# The task
In the listing below, find the line with "click image for larger version" and copy every line from there up to and including the line with "Checking B/P & assessing children", exactly and without pictures.

═════ Data to examine ═════

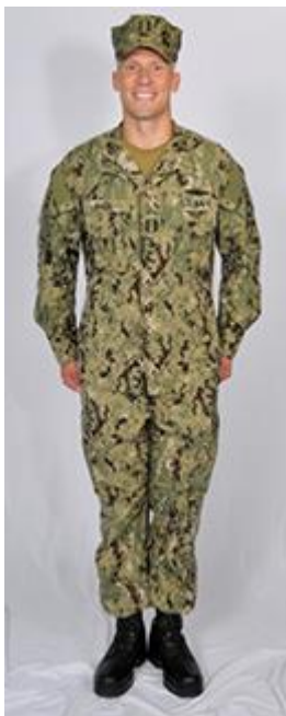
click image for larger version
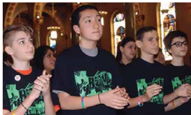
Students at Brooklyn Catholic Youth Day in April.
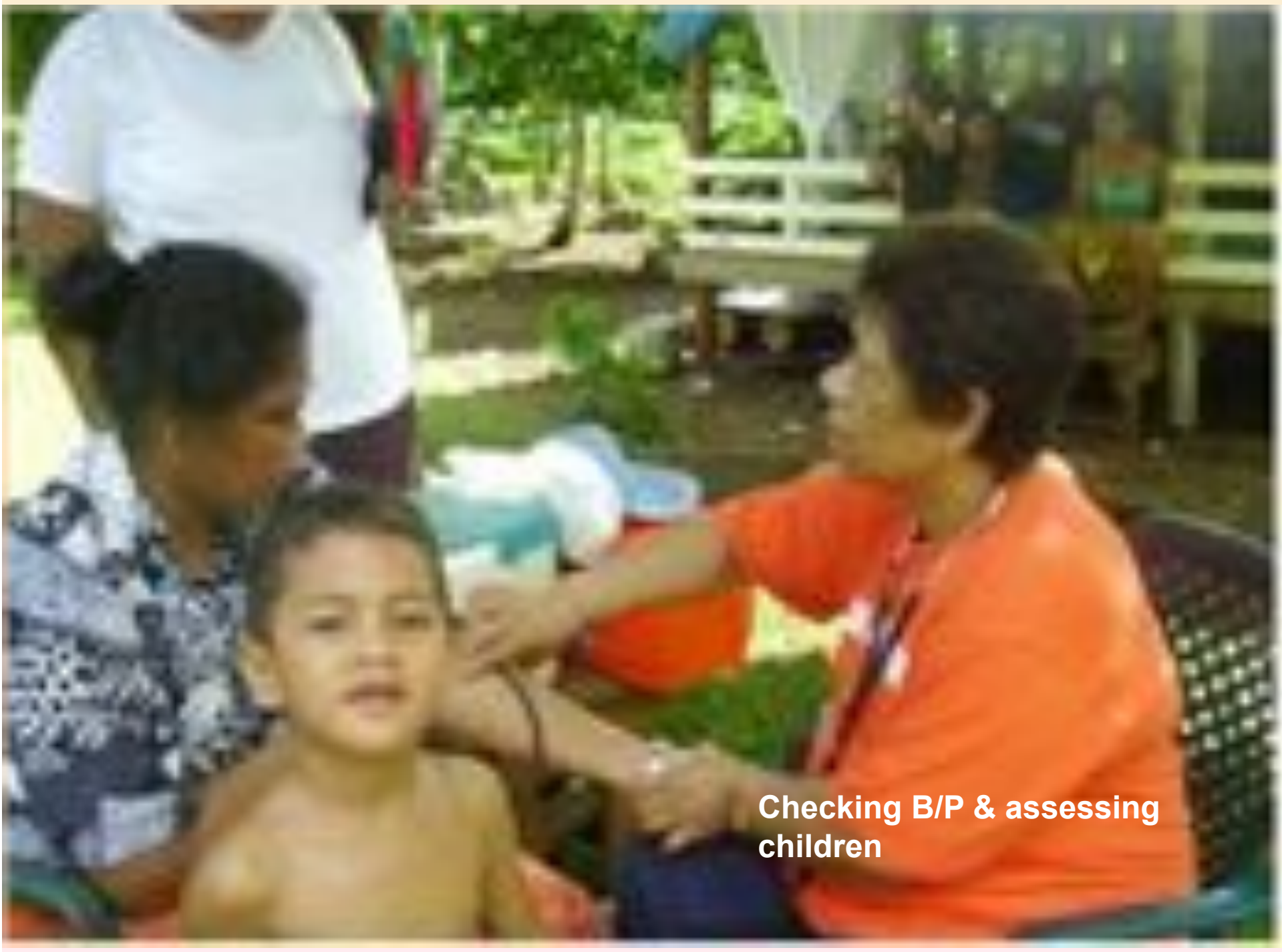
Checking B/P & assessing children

═════
═════ Data to examine ═════

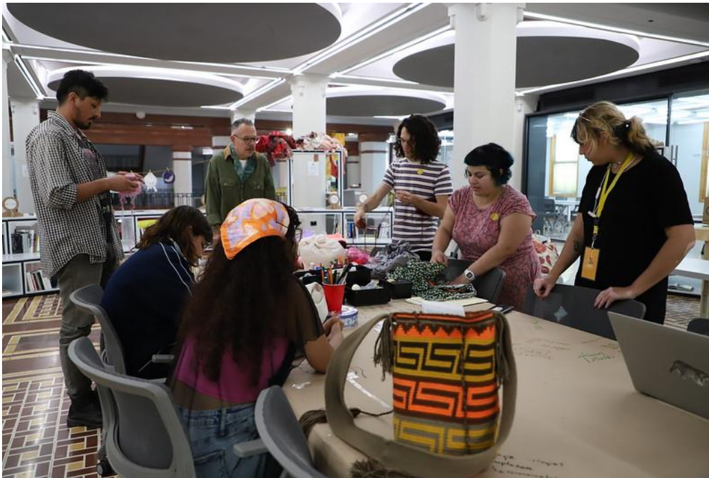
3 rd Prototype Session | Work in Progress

═════
═════ Data to examine ═════

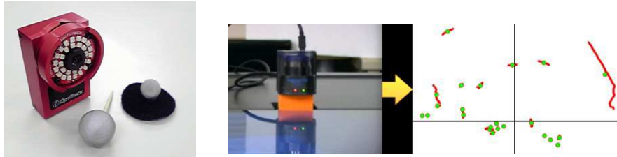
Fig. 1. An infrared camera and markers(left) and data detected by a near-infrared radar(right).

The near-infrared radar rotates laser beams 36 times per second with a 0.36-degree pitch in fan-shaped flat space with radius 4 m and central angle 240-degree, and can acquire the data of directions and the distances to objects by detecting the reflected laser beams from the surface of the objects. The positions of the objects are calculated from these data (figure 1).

═════

# Task output
click image for larger version
Students at Brooklyn Catholic Youth Day in April.
Checking B/P & assessing children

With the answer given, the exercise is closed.